┌──
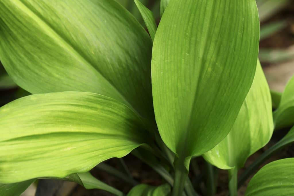 La plante Aspidistra est attrayante et existe en variétés naines (18 pouces) et de grande taille (2′ – 3′ pieds de haut). Les feuilles peuvent être vert foncé, rayées de jaune ou pointillées de jaune.
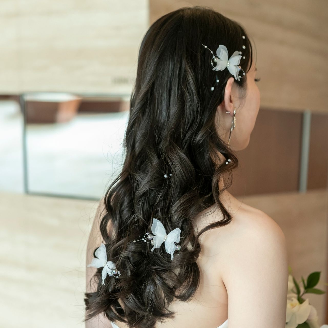 披露宴ではSHEINの蝶々のクリップ、パールを合わせています。
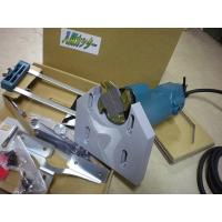 刃物は本体装着分のみ付属しています。もちろん予備の刃が単品販売いたします。高さの微調整機能がありますので、固めに突いてフロアを差し込んでからもう一度墨半分突きなおすことも可能です。刃物は右回転で、回りますので柱を突くと正面側は多少バリが出ます。対策として、逆送り(左から右へ)送ると押さえ込み削りになりますのでほとんど飛びませんが油断をすると機械が走りますので、必ず両手で本体を持ってください。柱左側面はどちらから送ってもバリが出ませんが柱右側面は、どちらから送ってもバリが出ます。そのため右側面のバリ対策は、突く前に鑿やカッターナイフで墨に切り込みを入れてください。
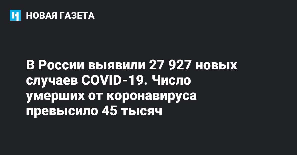 За сутки по всей стране скончались 562 пациента, из них 74 — в Москве, 79 — в Санкт-Петербурге. Общее число умерших непосредственно от коронавируса превысило 45 тысяч.
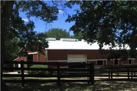 The big red barn has approx. 2,233sf plus horse stalls, and working pens. The barn has large tall doors to accomodate tractors, implements, etc. Property is fenced and cross-fenced. There
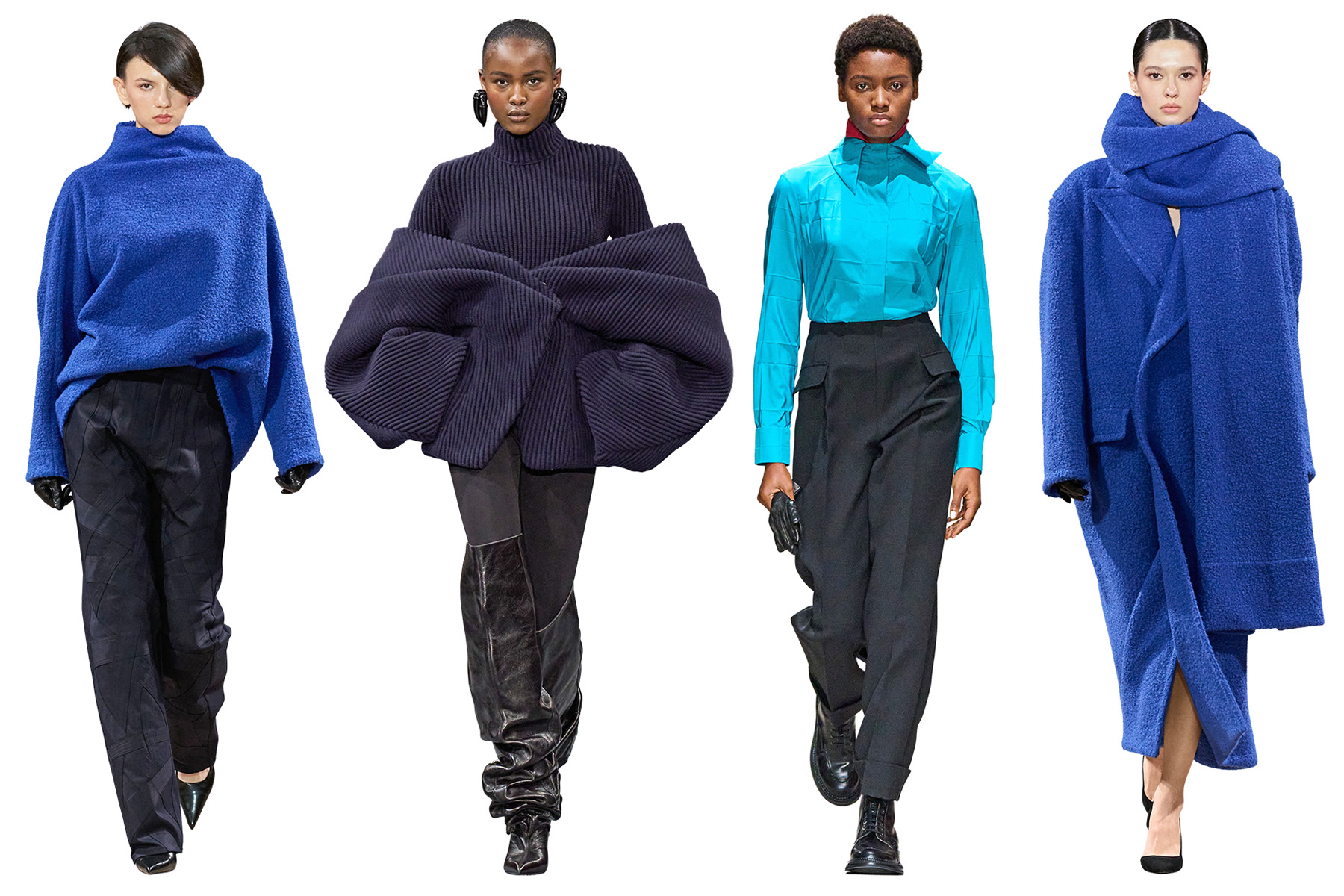 У тренді насичені та глибокі тони: кобальтовий, ультрамариновий, королівський синій, а також спокійніші відтінки індиго й сіро-блакитний. Такі кольори мають гарний вигляд як у монохромних комплектах, так і в комбінаціях з білим, сірим, бежевим або чорним.
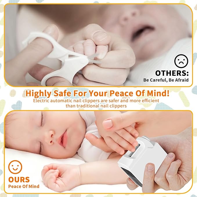 • Low Noise & LED Light: Have you been struggling with your baby's reluctance to trim their nails? Then you need a baby nail clipper that can easily trim your sleeping baby's nails at night without waking him up. Our nail trimmer for baby are equipped with LED auxiliary lights and operate with low noise. Trimming your baby's nails is no longer a hassle!
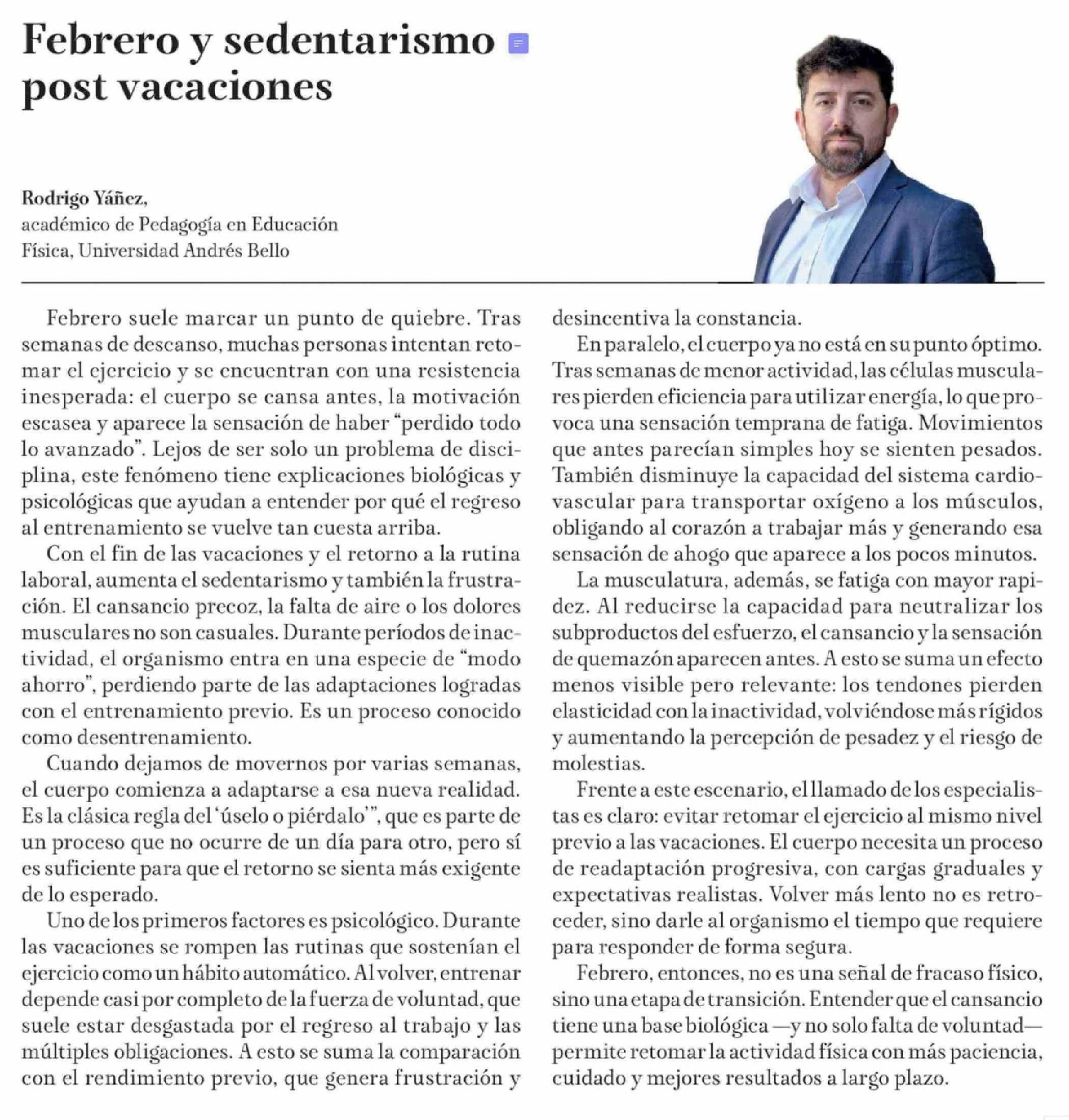 | Título: | Columnas de Opinión: Febrero y sedentarismo post vacaciones |
└──
* **Your objective**:
Reproduce verbatim every line starting at the line that holds "У тренді насичені" and ending with the final line of the data; omit the pictures.

* **Answer for this exercise**:
 У тренді насичені та глибокі тони: кобальтовий, ультрамариновий, королівський синій, а також спокійніші відтінки індиго й сіро-блакитний. Такі кольори мають гарний вигляд як у монохромних комплектах, так і в комбінаціях з білим, сірим, бежевим або чорним.
 • Low Noise & LED Light: Have you been struggling with your baby's reluctance to trim their nails? Then you need a baby nail clipper that can easily trim your sleeping baby's nails at night without waking him up. Our nail trimmer for baby are equipped with LED auxiliary lights and operate with low noise. Trimming your baby's nails is no longer a hassle!
 | Título: | Columnas de Opinión: Febrero y sedentarismo post vacaciones |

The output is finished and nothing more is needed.